Geography based bi-facial cell design for low LCoE

Abstract

The Levelized Cost of Electricity (LCoE) produced by PV systems is determined by yield (kWh) and cost of the system. Reducing the LCoE of the solar power can be achieved either by increasing the yield or by reducing the cost. The yield of bi-facial PV systems is promoted by high efficiency and a high bi-faciality factor.

Yield due to the front efficiency depends on the parameters ($V_{oc}$ ,$I_{sc}$ and $FF$) that contribute to that efficiency. It was found that the different parameter helped maximize the yield in each climatic condition. For low irradiation and low operating temperature zones, yield improved when the product $I_{sc} \times V_{oc} $ was increased at the cost of the $FF$. While at equatorial tropical climates with fairly high temperatures, yiele improved when $V_{oc}$ was increased at cost of $I_{sc}$ and $FF$. For high irradiance and high temperature desert climates, yield improved when the product $ V_{oc} \times FF $ increased at the cost of $I_{sc}$. Designing cells to suit the operating conditions of the region improved yield per $W_{p}$ thereby reducing the LCoE.

A large part of the cell processing cost is in the metal (silver) used on the cell. The amount of silver is usually optimized for the cell efficiency (i.e. power in W) delivered under standard test conditions, i.e. a solar irradiance of 1000 W/m2. When the metal patterns were optimized for the yield at a climatic zone, results showed that up to 50\% of silver per cell could be saved (From a reference cell considered). Up to 5\% LCoE improvement was theorized.

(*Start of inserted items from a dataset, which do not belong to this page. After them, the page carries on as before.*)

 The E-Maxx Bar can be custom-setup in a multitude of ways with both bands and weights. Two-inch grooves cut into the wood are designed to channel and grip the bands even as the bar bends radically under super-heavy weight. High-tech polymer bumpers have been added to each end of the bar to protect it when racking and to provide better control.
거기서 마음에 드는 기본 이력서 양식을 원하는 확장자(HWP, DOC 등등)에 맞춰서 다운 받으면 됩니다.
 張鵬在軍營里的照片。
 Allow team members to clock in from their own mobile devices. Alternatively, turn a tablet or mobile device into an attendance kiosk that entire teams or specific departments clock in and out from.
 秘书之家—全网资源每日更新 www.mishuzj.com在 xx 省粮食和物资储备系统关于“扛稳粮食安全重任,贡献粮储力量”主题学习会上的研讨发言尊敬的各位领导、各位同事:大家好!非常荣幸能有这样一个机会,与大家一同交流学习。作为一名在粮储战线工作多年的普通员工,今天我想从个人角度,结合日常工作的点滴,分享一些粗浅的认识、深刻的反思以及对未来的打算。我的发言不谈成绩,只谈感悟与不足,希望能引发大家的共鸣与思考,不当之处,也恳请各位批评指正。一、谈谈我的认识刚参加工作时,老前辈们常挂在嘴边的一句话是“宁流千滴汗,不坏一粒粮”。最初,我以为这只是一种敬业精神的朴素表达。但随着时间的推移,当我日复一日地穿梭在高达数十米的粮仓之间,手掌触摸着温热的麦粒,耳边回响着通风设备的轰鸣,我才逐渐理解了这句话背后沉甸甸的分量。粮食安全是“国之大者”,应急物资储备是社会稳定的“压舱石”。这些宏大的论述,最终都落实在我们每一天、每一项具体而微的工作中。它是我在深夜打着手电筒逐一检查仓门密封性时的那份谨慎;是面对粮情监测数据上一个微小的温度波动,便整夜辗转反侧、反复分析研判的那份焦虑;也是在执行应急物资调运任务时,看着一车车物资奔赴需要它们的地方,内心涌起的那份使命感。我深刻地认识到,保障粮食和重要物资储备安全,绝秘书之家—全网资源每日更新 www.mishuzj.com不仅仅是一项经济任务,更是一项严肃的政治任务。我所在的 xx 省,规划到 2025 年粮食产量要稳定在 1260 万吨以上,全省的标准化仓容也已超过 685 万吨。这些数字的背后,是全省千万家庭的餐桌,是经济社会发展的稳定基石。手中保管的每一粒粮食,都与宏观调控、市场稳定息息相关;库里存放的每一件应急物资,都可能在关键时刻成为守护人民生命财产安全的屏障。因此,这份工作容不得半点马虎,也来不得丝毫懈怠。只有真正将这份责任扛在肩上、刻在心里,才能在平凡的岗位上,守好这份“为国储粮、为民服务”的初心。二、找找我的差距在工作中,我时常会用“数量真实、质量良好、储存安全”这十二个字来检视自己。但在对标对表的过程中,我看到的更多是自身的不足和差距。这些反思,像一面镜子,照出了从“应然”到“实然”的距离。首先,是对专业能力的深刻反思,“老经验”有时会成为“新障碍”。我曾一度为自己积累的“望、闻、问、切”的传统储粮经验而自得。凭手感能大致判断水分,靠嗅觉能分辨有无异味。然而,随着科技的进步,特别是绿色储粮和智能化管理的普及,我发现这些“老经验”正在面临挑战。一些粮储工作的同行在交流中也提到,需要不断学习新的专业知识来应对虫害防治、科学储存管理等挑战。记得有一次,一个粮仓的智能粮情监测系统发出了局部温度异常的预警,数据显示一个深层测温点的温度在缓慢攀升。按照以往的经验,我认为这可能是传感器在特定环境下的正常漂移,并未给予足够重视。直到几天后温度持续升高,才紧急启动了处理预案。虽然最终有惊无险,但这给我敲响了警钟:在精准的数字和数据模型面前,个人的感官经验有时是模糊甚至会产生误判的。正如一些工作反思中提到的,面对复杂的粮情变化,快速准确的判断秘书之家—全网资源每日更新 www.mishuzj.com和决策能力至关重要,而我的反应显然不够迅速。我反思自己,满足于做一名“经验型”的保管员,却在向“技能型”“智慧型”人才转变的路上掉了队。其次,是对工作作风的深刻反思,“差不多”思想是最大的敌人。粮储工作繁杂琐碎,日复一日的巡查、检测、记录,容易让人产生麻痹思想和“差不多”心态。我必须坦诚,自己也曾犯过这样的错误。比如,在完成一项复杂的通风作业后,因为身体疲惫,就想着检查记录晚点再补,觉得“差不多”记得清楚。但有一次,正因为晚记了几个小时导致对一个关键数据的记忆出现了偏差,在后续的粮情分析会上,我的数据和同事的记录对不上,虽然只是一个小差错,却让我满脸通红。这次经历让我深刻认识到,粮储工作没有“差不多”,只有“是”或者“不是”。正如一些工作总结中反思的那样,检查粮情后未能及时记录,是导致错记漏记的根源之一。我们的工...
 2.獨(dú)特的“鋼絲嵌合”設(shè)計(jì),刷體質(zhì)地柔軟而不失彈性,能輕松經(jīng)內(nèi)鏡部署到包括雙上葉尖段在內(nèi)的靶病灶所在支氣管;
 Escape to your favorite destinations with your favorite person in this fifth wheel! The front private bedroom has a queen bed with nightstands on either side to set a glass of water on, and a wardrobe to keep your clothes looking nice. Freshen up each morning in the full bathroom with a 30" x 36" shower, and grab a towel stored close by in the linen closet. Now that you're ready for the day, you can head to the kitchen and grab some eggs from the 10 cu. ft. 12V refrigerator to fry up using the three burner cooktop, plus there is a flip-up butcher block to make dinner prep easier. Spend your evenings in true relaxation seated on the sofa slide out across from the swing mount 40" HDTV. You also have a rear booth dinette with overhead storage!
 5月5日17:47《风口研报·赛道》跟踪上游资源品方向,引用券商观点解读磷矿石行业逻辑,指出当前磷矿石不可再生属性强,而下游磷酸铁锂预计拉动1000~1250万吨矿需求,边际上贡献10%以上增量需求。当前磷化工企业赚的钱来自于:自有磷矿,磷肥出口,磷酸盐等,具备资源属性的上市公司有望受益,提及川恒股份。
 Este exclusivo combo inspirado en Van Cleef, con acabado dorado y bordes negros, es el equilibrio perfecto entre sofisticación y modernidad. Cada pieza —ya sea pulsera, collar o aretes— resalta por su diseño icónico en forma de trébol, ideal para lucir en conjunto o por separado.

The irradiance on the bi-facial modules varies with different system orientations (Equator facing, East west tilted, East West Vertical ). The metal patterns were also optimized for the different system orientation at a climatic condition. The results showed metal patterns can be made more thin when designed for vertical systems.

Advanced c-Si cell concepts try to reach the theoretical efficiency by employing different passivation technologies, grid patterns, etc. Each cell technology will have advantage over the other. This makes it interesting to study if we can attribute a cell concept to a climatic condition where it will outperform other cell concepts.